Thursday, March 1, 2012

Vegan "Chicken" Enchiladas Recipe



For this recipe, we collaborated with our friends over at Food Empowerment Project and Vegan Mexican Food.



Ingredients:
14.5 oz. Can Diced Tomatoes with Green Chilies
4 oz. Can Tomato Paste
8 oz. Container Vegan Sour Cream (Follow Your Heart brand is GREAT)
2 Cloves Garlic
1 Tsp. Ground Cumin
1 Tsp. Red Pepper Flakes
Sea Salt and Black Pepper to Taste
8 oz.
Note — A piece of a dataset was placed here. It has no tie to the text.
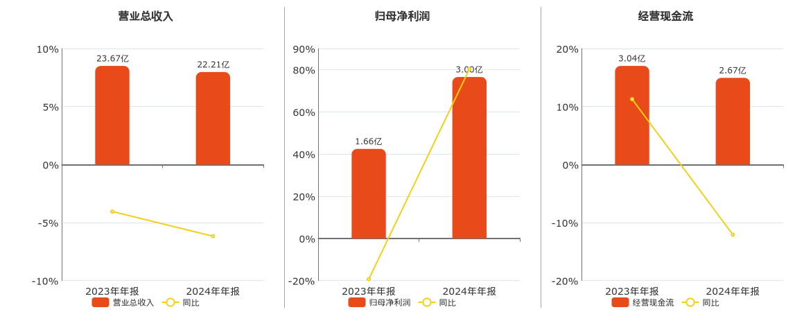 公司营业总收入为22.21亿元,较去年同报告期营业总收入减少1.46亿元,同比较去年同期下降6.18%。归母净利润为3.00亿元。经营活动现金净流入为2.67亿元,较去年同报告期经营活动现金净流入减少3677.94万元,同比较去年同期下降12.09%。
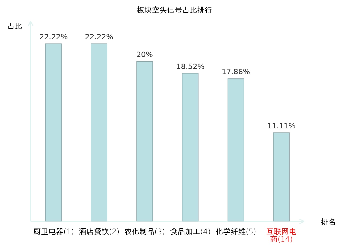 全市场所有行业板块中主力空头信号占比排名中,厨卫电器板块位居第一。化学纤维板块名次提升最快,较昨日上升119位。

Cubed Seitan or Firm Tofu
1 Large Leek
1 Bell Pepper
10 Whole Wheat Tortillas
1 bag Daiya Cheese.  (or 1/2 cheddar, 1/2 mozzarella)


Directions:
Rinse your veggies before cooking.  Preheat oven to 325 degrees.  Pour can diced tomatoes and "sour cream" into a food processor or blender.  Puree until it is blended evenly, and set aside.  Dice the leek, bell pepper, and seitan.  Put some oil in skillet, and heat on medium.  Once it is hot, saute the leeks until they are tender.  Press the garlic (or mince the garlic) into the skillet.  Add the cumin, red pepper flakes, and bell pepper.  Stir and cook until the bell pepper is a nice, vibrant color.  Add the seitan, and turn the heat up to medium high, stirring continually.  Once the seitan starts browning, add the tomato paste, and mix evenly.  Sprinkle half of the Daiya in the skillet, and let it melt.  Once it has melted, take the skillet off the heat.  Add sea salt and black pepper to taste.  Lightly grease a casserole dish.  Scoop some of the seitan mixture into a tortilla, roll the tortilla, and put it in your casserole dish with the fold facing down.  Continue doing this until you have filled all the tortillas.  Pour the tomato/sour cream mixture on top of the tortillas.  Take the remainder of the Daiya and sprinkle it on top.  Bake this for 10 minutes, and then broil for an additional minute.  Let it cool for a minute, and serve!